Dwayne, es hermano de Olive, hijo de Richard. Adolece por donde se lo mire; autotitulado como excluido del escenario familiar, harto sindicado en las escuelas filosóficas asesinas de potestades, lector acérrimo del rock nietzscheano con póster incluido en las paredes de su habitación. No cesa de no inscribirse en el lenguaje oral, por su decisión ascética del voto de silencio, a la espera de una graduación lejana como piloto de avión, aguantando la letra epitelial de sus estrechos convivientes.
Sheryl, madre de Olive y Dwayne, esposa de Richard. Ama de casa casi desesperada, inundada por el material que la bancarrota creciente adjunta en los objetos impares que revisten las alacenas de su cocina. Promotora de la comunicación sanguínea, lograda mater de caricias e intuiciones, evalúa los milímetros afectivos en un sensor intangible al ojo cónyuge.
El abuelo, padre de Richard. Fenómeno sustancial, dotado de la cultura del happening,
insurrecto descollante con secretos de baño, aspirador de polvos mágicos, desafiante acérrimo de la estrechez progenie. Su lazo más íntimo de filiación traspasa una generación para adoptar a Olive como su compinche incondicional de la explosión lúdica. Pasión de morisquetas y aullidos de un código gutural recóndito. La empatía del expresionismo infanto-geronte en la trastienda del disorder familiar de los Hoover no sólo se circunscribe al ámbito de las máscaras, sino que guarda una conexión maestro-alumna, entrenador-deportista, motivada por el sueño de Olive.
La irrupción del más allá
En una silla de ruedas puede descansar un inválido, un recién operado, una mujer en su gravedad grávida, un deportista discapacitado o un hombre que no pudo.
Frank es hermano de Sheryl.

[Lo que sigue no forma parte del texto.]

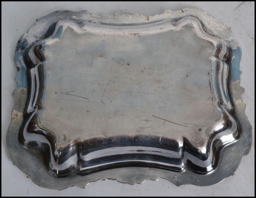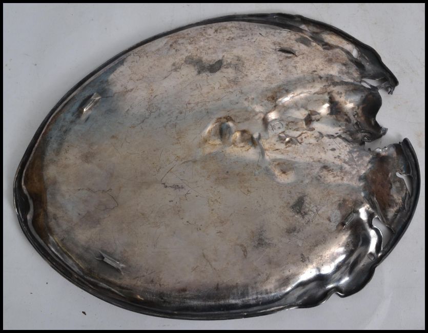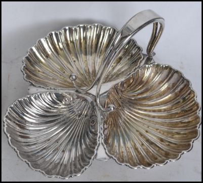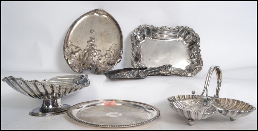 A group of silver plated wares to include a Kaiser Tirol art nouveau oval tray, a trefoil clam shaped sectional dish. a bon bon dish in the form of shell etc. Measures 32cms wide.

Su vida entera habrá transitado por su mente instantes previos a no poder. Lo evidencia su estado disminuído, su intelecto literario postrado en un intervalo al oteo de una ventana de hospital, y sus muñequeras de gasa velando el material de sus abominaciones afectivas. El no-suicidio del profesor en Letras, el mejor experto en Proust de los Estados Unidos, ahora recobra el ironizado drama a la vera del tiempo perdido.
Sheryl incorpora en otro camino de Swann a su hermano Frank y lo hace miembro de su hogar de máximos cuidados.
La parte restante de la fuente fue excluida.